Collection entries:
──────

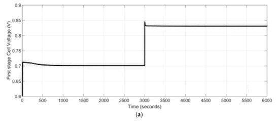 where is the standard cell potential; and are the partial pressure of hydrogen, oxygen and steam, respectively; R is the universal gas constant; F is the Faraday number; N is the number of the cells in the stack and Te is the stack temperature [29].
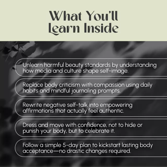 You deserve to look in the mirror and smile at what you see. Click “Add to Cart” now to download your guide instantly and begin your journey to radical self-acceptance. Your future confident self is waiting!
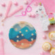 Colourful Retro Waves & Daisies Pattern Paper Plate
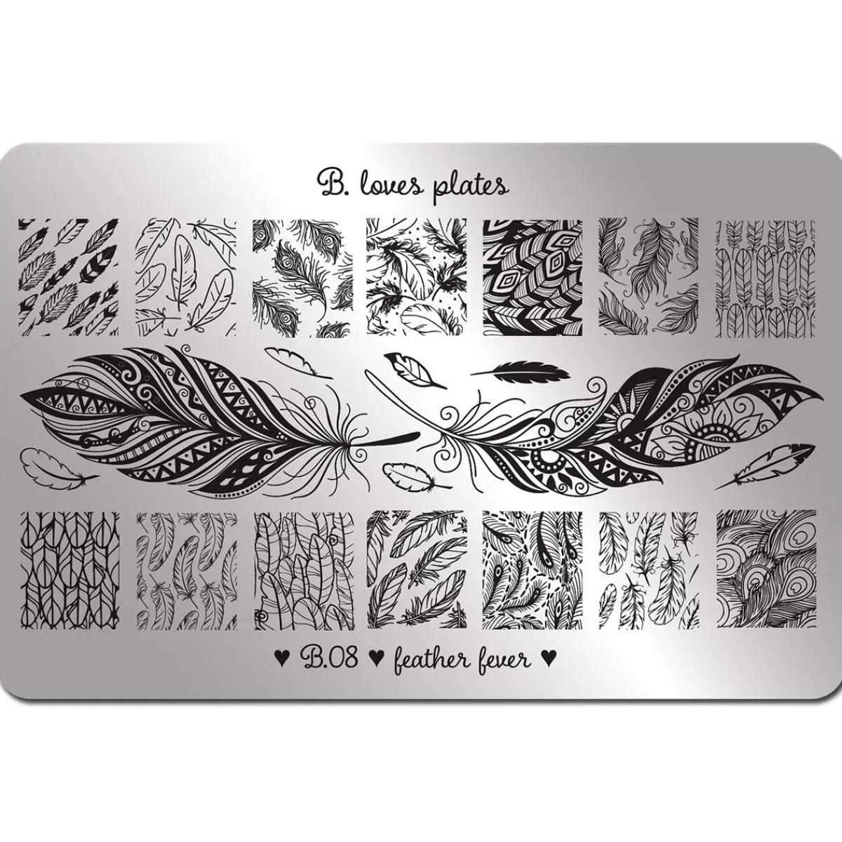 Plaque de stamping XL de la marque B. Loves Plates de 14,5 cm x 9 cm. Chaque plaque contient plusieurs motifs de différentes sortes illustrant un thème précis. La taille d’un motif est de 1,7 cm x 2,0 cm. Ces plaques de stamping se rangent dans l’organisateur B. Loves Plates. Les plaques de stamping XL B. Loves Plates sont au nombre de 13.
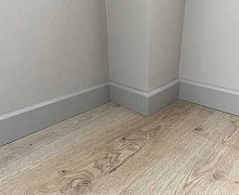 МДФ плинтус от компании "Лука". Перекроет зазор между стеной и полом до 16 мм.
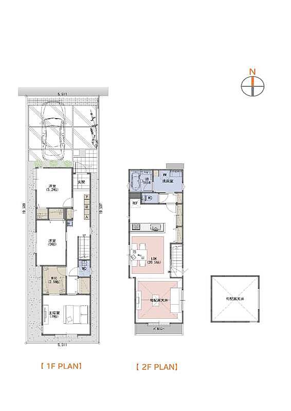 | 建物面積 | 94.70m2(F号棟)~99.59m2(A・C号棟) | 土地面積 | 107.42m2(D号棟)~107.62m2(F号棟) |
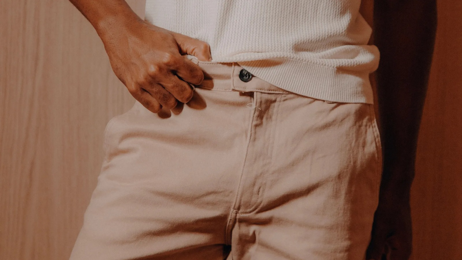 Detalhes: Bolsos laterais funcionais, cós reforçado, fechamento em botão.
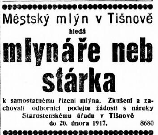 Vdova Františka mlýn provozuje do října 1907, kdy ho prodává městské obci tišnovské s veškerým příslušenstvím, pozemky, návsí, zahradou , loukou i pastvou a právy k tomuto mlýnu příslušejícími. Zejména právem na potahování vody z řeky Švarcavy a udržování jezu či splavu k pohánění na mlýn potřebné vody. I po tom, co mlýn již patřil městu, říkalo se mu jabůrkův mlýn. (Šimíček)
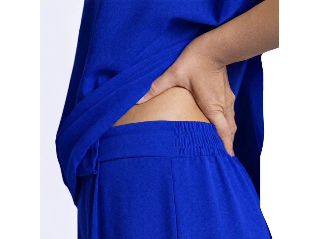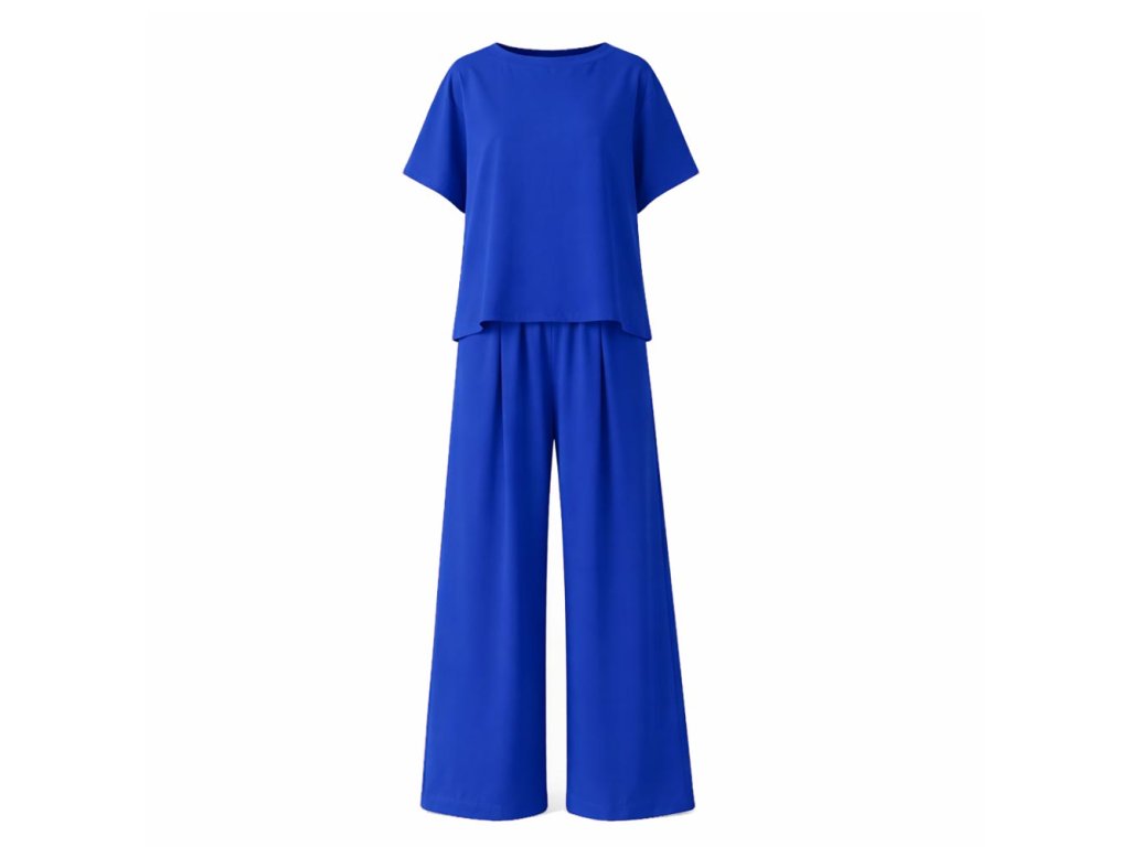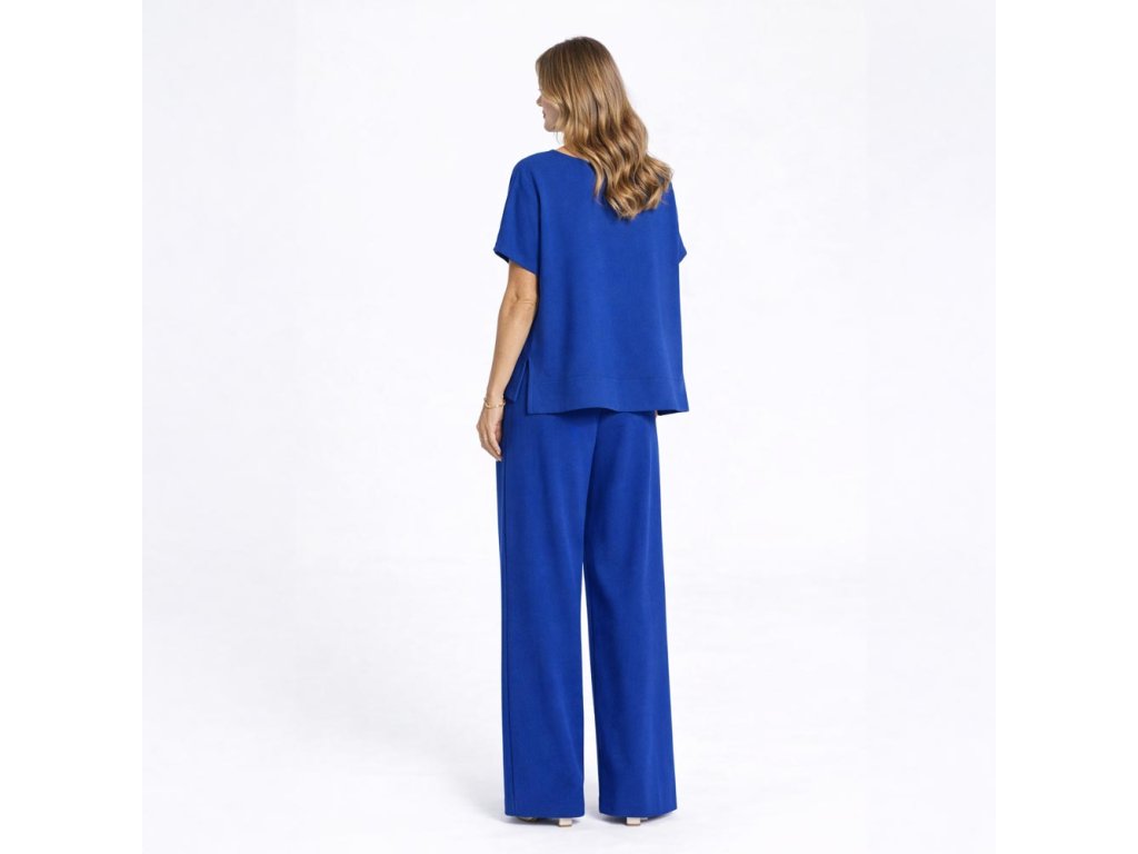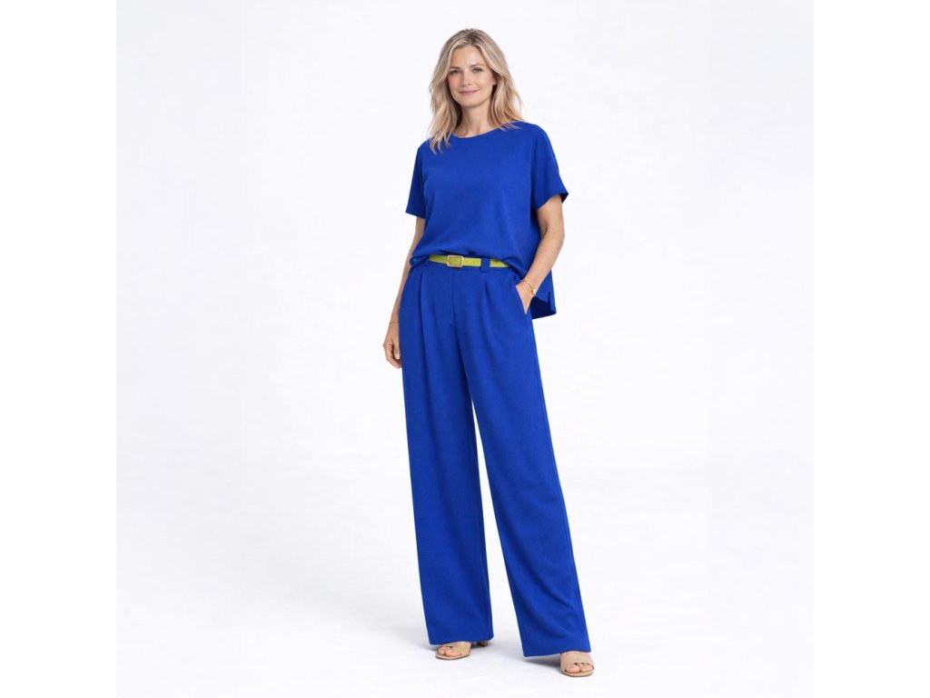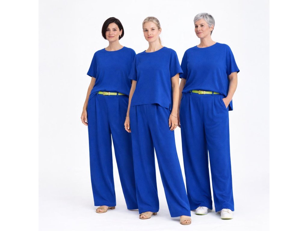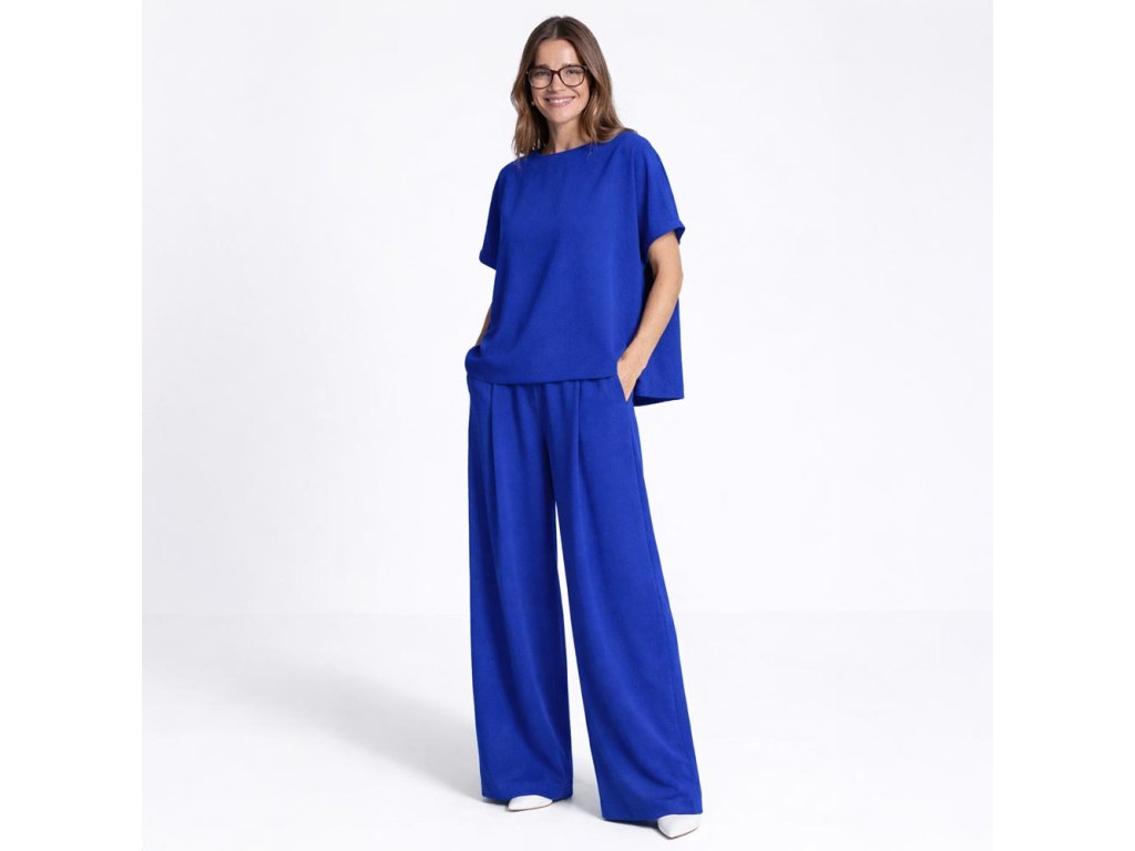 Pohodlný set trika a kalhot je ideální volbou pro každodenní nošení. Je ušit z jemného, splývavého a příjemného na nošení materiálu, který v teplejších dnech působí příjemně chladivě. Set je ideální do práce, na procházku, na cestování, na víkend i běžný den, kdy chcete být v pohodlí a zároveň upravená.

──────

What the exercise asks: Starting at the line containing "土地面積 | 107.42m2(D号棟)~107.62m2(F号棟) |" and stopping at the line containing "Vdova Františka mlýn", output each line exactly as it appears above. Leave out the pictures.

Exercise result:
 | 建物面積 | 94.70m2(F号棟)~99.59m2(A・C号棟) | 土地面積 | 107.42m2(D号棟)~107.62m2(F号棟) |
 Detalhes: Bolsos laterais funcionais, cós reforçado, fechamento em botão.
 Vdova Františka mlýn provozuje do října 1907, kdy ho prodává městské obci tišnovské s veškerým příslušenstvím, pozemky, návsí, zahradou , loukou i pastvou a právy k tomuto mlýnu příslušejícími. Zejména právem na potahování vody z řeky Švarcavy a udržování jezu či splavu k pohánění na mlýn potřebné vody. I po tom, co mlýn již patřil městu, říkalo se mu jabůrkův mlýn. (Šimíček)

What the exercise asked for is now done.